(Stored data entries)
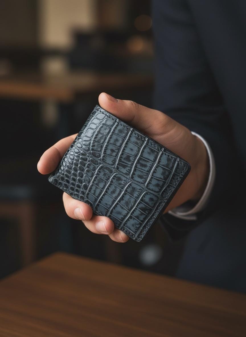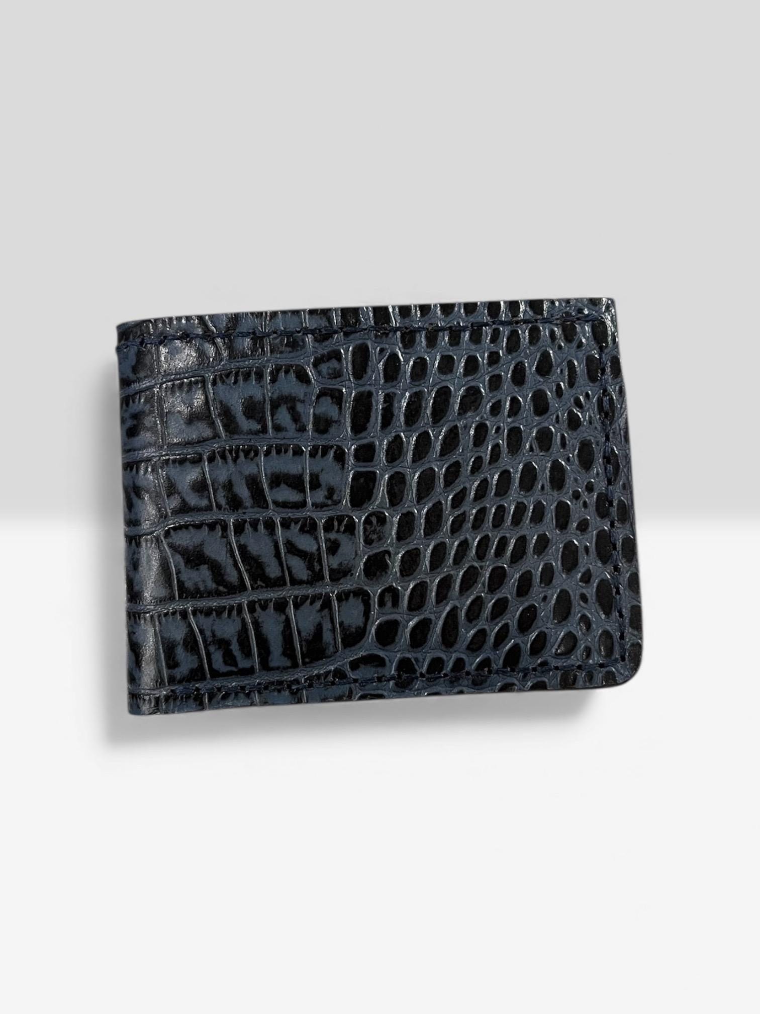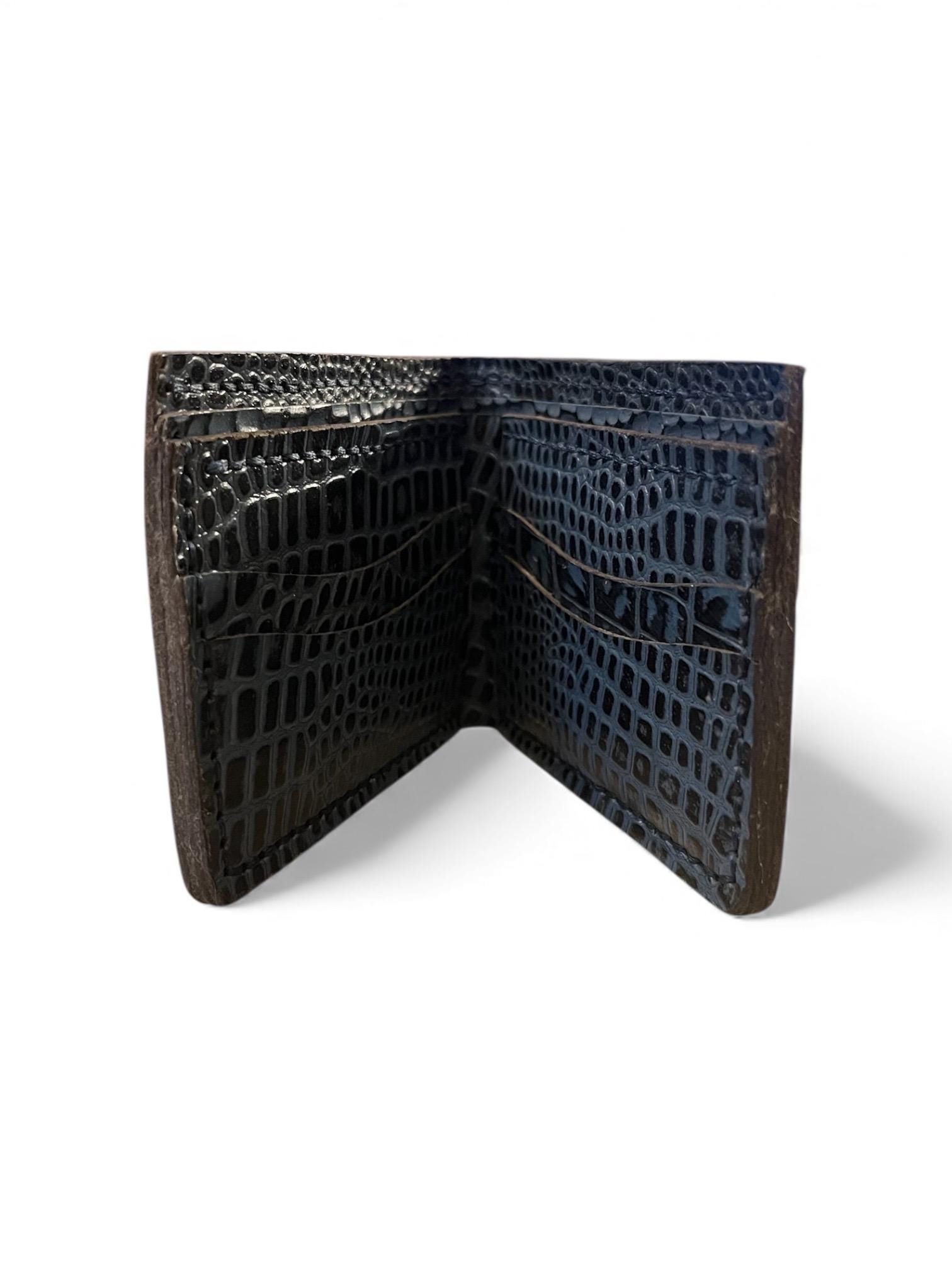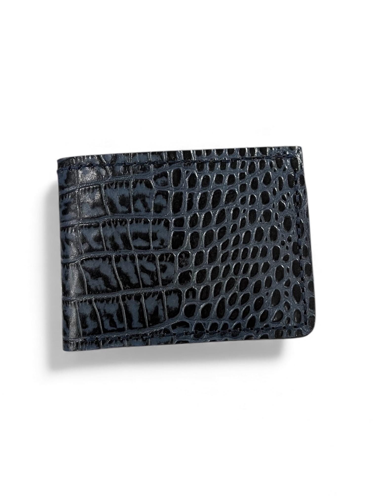 - Crafted from genuine American alligator leather showcasing a unique two tone black design
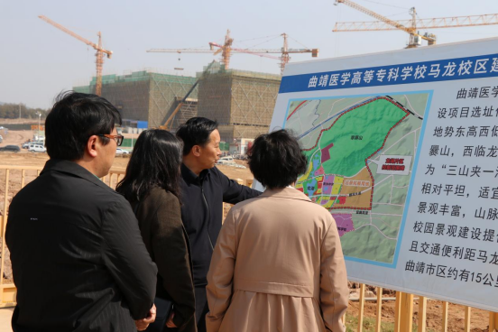 在学校领导陪同下,云南医药健康职业学院一行人参观了马龙新校区建设现场。党委书记余祖林详细介绍了马龙校区总体规划及学校未来发展愿景。余祖林表示学校将牢牢把握新时代新征程新的战略机遇,锚定升本目标、开启高质量跨越式发展新局面,为今后双方的共建共享、创新提质提供更好的平台。
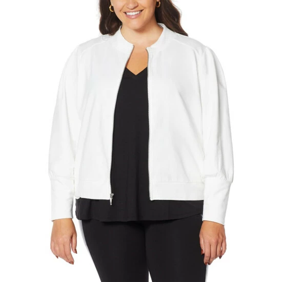 Somewhere between loungewear and casual weekend wearlies Giuliana’s LounGy collection. Top off your new, everyday more casual uniform with this super-soft French terry knit bomber jacket.
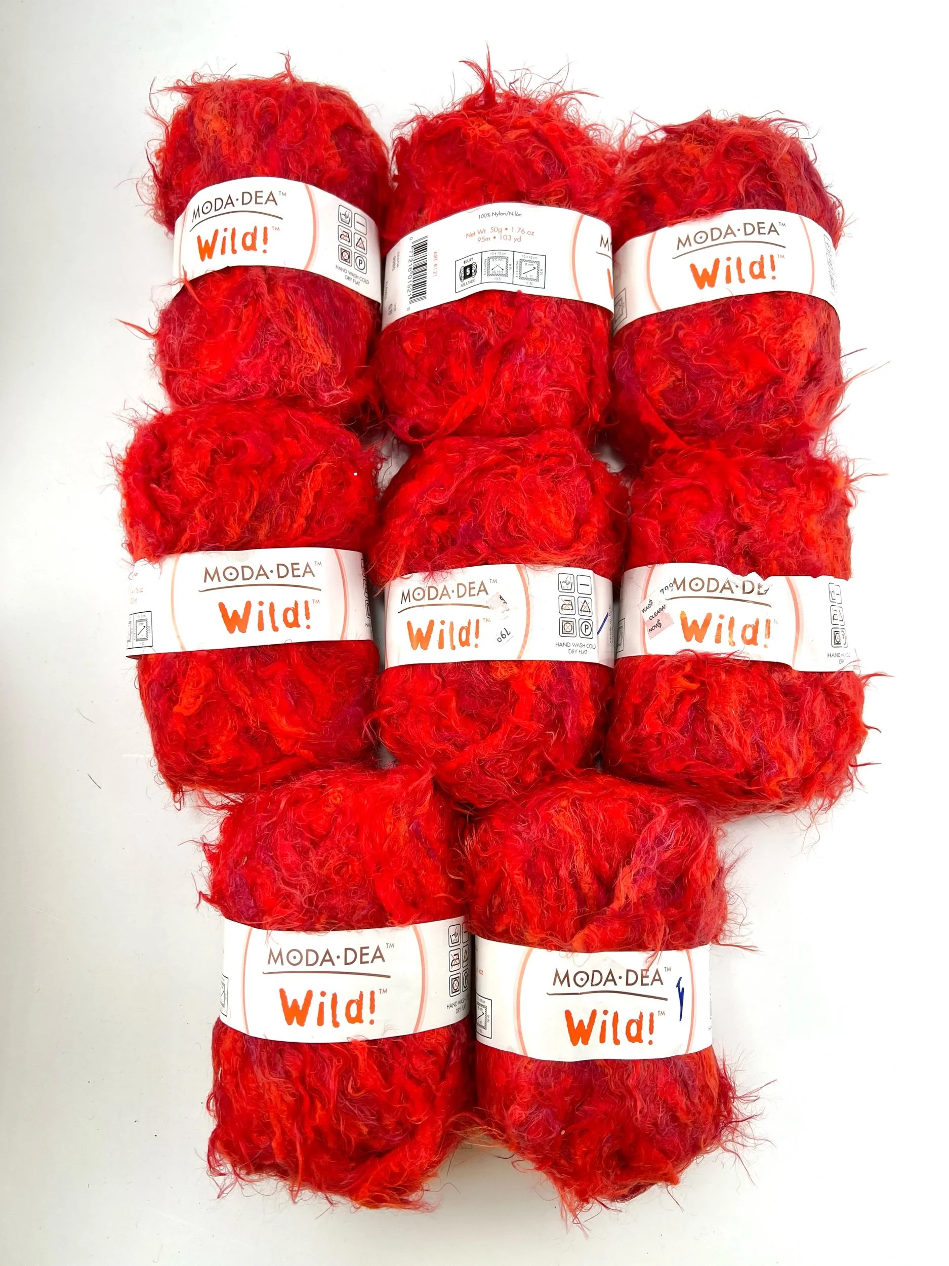 50 gram skeins, 68% polyester, 32% nylon
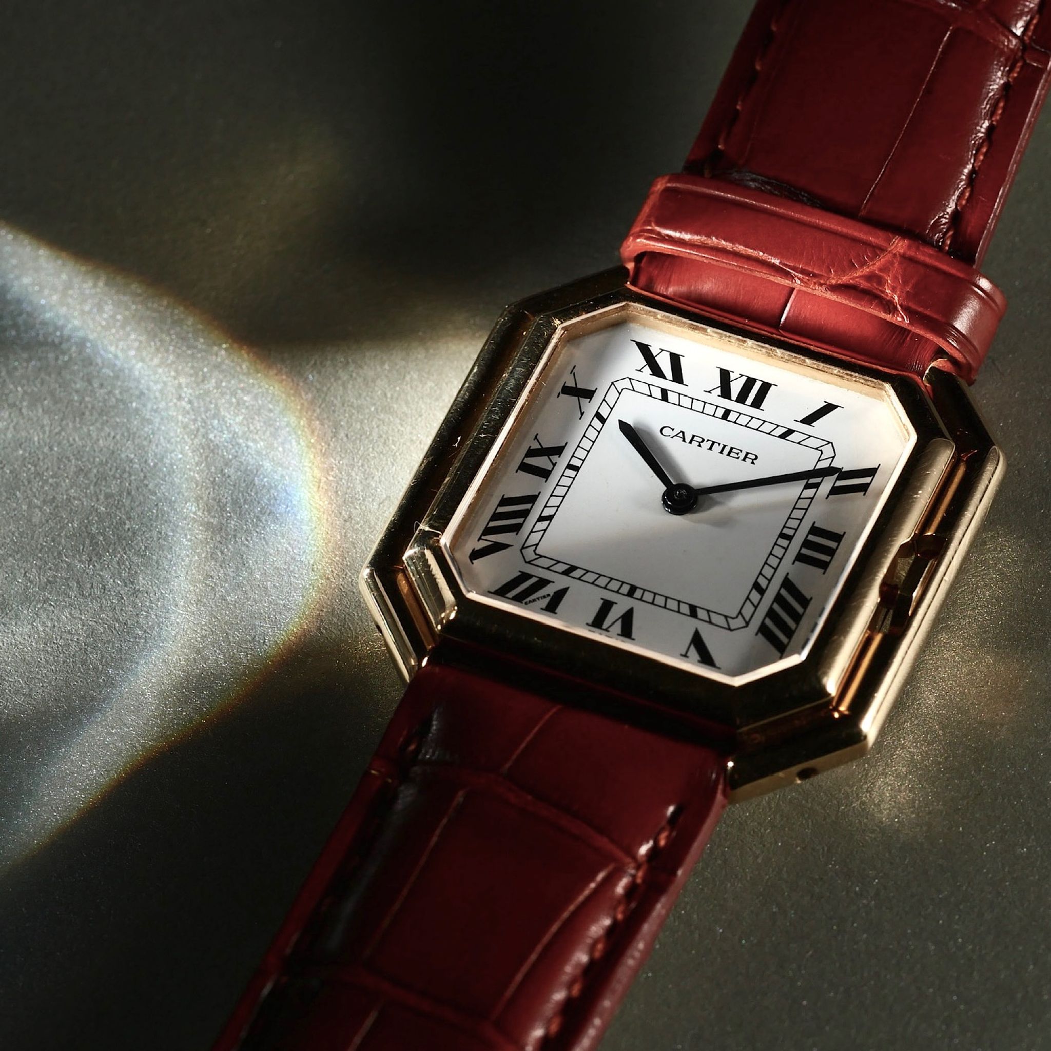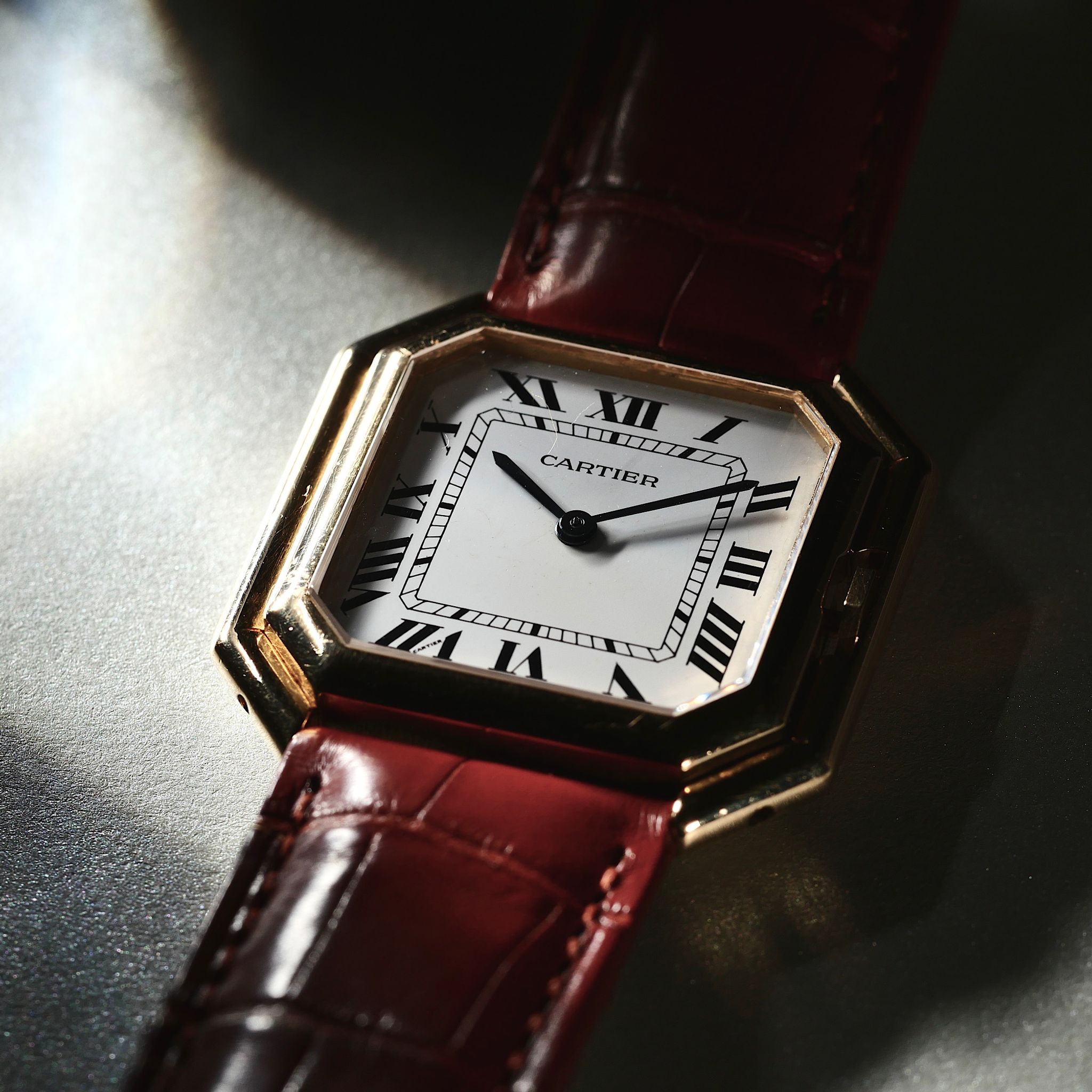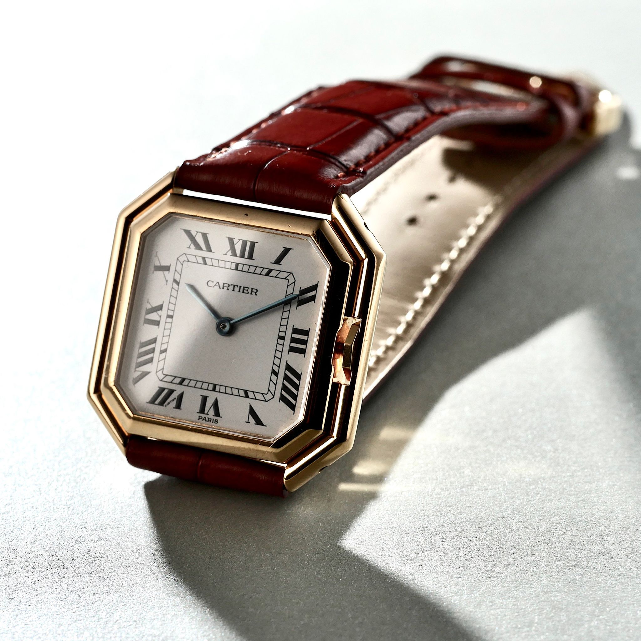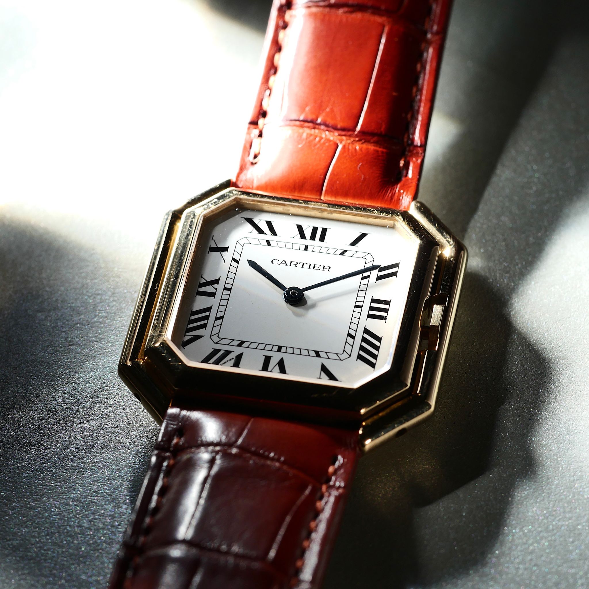 Launched in 1927 and re-released in 1970, this is the rarest iteration, the ever-elusive and difficult to find 31mm Cartier Ceinture XL Jumbo powered by an automatic movement nestled within its bubble back case and with a perfect Paris dial.

## PROBLEM DESCRIPTION
Give the data again exactly as written, with no pictures included.

## ANSWER BOX
 - Crafted from genuine American alligator leather showcasing a unique two tone black design
 在学校领导陪同下,云南医药健康职业学院一行人参观了马龙新校区建设现场。党委书记余祖林详细介绍了马龙校区总体规划及学校未来发展愿景。余祖林表示学校将牢牢把握新时代新征程新的战略机遇,锚定升本目标、开启高质量跨越式发展新局面,为今后双方的共建共享、创新提质提供更好的平台。
 Somewhere between loungewear and casual weekend wearlies Giuliana’s LounGy collection. Top off your new, everyday more casual uniform with this super-soft French terry knit bomber jacket.
 50 gram skeins, 68% polyester, 32% nylon
 Launched in 1927 and re-released in 1970, this is the rarest iteration, the ever-elusive and difficult to find 31mm Cartier Ceinture XL Jumbo powered by an automatic movement nestled within its bubble back case and with a perfect Paris dial.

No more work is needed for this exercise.